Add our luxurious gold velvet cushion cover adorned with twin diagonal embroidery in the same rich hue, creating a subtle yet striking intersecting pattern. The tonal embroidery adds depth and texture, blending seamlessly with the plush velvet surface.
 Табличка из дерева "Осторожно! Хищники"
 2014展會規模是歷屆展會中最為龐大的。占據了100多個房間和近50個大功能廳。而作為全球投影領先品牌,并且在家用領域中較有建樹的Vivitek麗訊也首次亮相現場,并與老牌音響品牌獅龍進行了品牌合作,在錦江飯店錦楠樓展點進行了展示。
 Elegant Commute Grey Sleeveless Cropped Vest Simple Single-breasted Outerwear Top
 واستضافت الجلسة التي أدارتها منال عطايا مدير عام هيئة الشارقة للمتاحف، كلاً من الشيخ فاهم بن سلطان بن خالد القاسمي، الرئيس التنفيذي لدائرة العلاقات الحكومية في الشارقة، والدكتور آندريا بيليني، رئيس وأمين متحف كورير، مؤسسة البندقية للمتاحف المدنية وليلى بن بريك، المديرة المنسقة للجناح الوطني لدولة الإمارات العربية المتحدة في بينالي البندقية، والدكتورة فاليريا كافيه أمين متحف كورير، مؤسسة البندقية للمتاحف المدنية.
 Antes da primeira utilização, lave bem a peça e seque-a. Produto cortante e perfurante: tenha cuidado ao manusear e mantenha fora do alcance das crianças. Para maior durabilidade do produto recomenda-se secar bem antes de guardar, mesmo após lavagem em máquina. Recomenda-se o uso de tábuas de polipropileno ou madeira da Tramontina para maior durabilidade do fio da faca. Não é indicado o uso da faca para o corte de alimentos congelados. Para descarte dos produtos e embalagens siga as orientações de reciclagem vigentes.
* * *
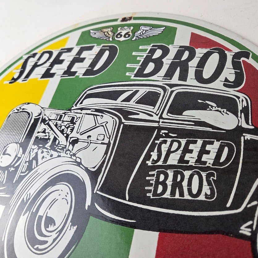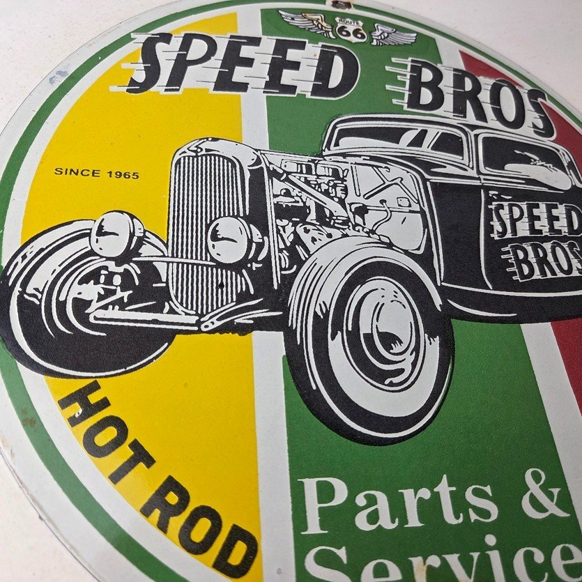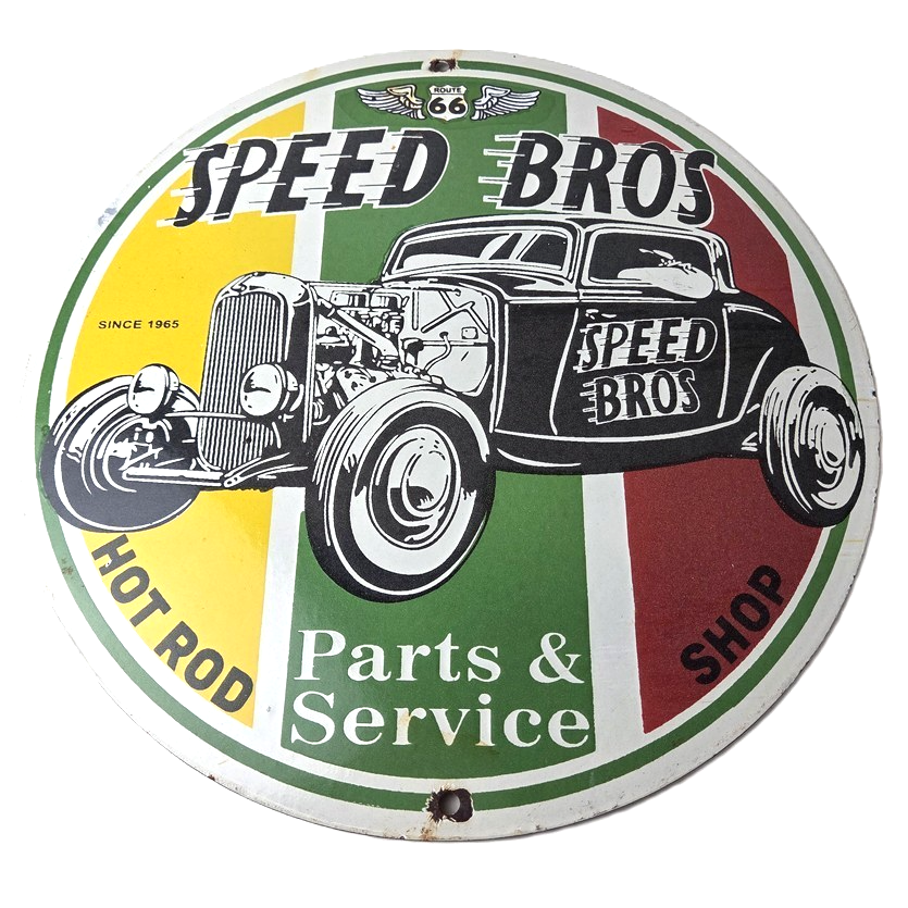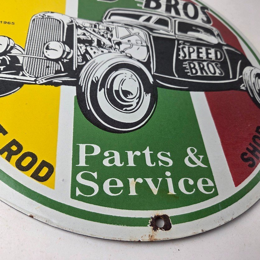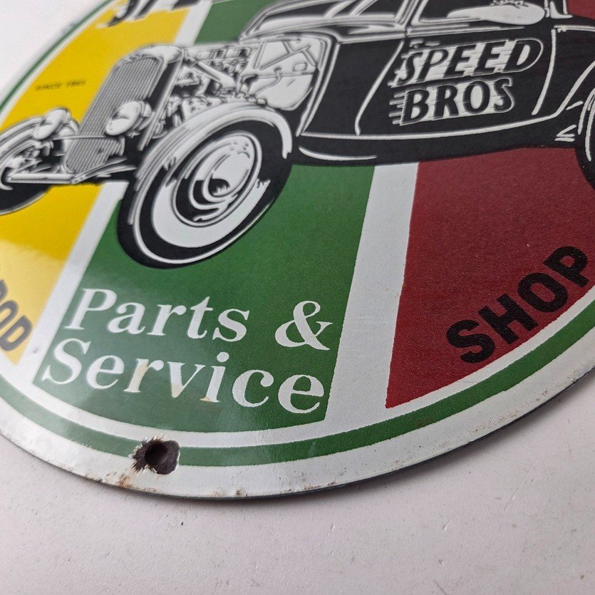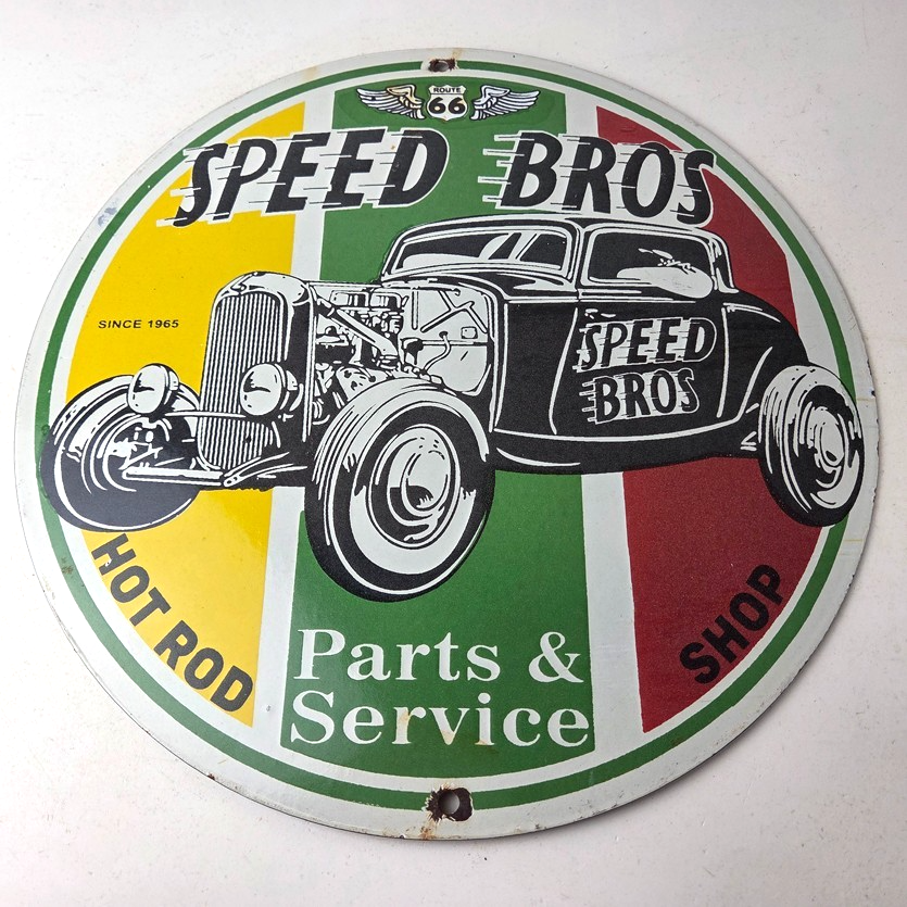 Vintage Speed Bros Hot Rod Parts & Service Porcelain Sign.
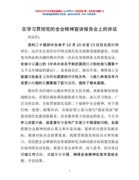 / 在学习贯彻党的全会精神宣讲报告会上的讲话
* * *
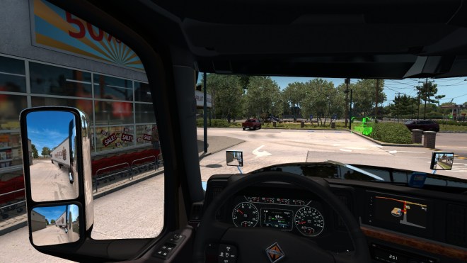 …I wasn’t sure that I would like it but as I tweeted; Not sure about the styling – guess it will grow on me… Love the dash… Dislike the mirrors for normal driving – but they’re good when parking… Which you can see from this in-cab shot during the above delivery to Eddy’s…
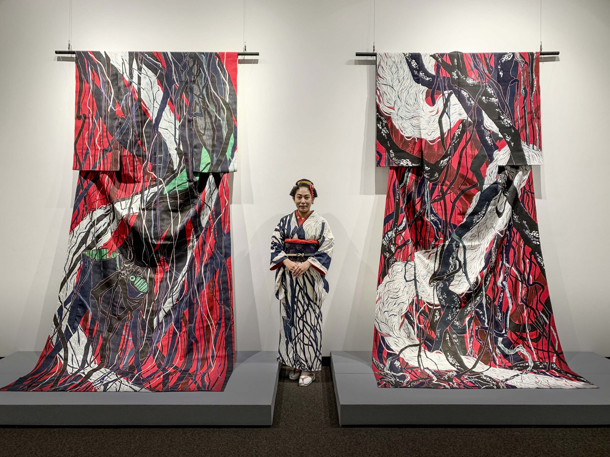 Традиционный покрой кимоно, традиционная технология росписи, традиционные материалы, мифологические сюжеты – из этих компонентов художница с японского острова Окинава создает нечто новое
* * *
Copy out the lines above exactly, beginning at the one that contains "Add our luxurious" and ending at the one that contains "واستضافت الجلسة التي".

Add our luxurious gold velvet cushion cover adorned with twin diagonal embroidery in the same rich hue, creating a subtle yet striking intersecting pattern. The tonal embroidery adds depth and texture, blending seamlessly with the plush velvet surface.
 Табличка из дерева "Осторожно! Хищники"
 2014展會規模是歷屆展會中最為龐大的。占據了100多個房間和近50個大功能廳。而作為全球投影領先品牌,并且在家用領域中較有建樹的Vivitek麗訊也首次亮相現場,并與老牌音響品牌獅龍進行了品牌合作,在錦江飯店錦楠樓展點進行了展示。
 Elegant Commute Grey Sleeveless Cropped Vest Simple Single-breasted Outerwear Top
 واستضافت الجلسة التي أدارتها منال عطايا مدير عام هيئة الشارقة للمتاحف، كلاً من الشيخ فاهم بن سلطان بن خالد القاسمي، الرئيس التنفيذي لدائرة العلاقات الحكومية في الشارقة، والدكتور آندريا بيليني، رئيس وأمين متحف كورير، مؤسسة البندقية للمتاحف المدنية وليلى بن بريك، المديرة المنسقة للجناح الوطني لدولة الإمارات العربية المتحدة في بينالي البندقية، والدكتورة فاليريا كافيه أمين متحف كورير، مؤسسة البندقية للمتاحف المدنية.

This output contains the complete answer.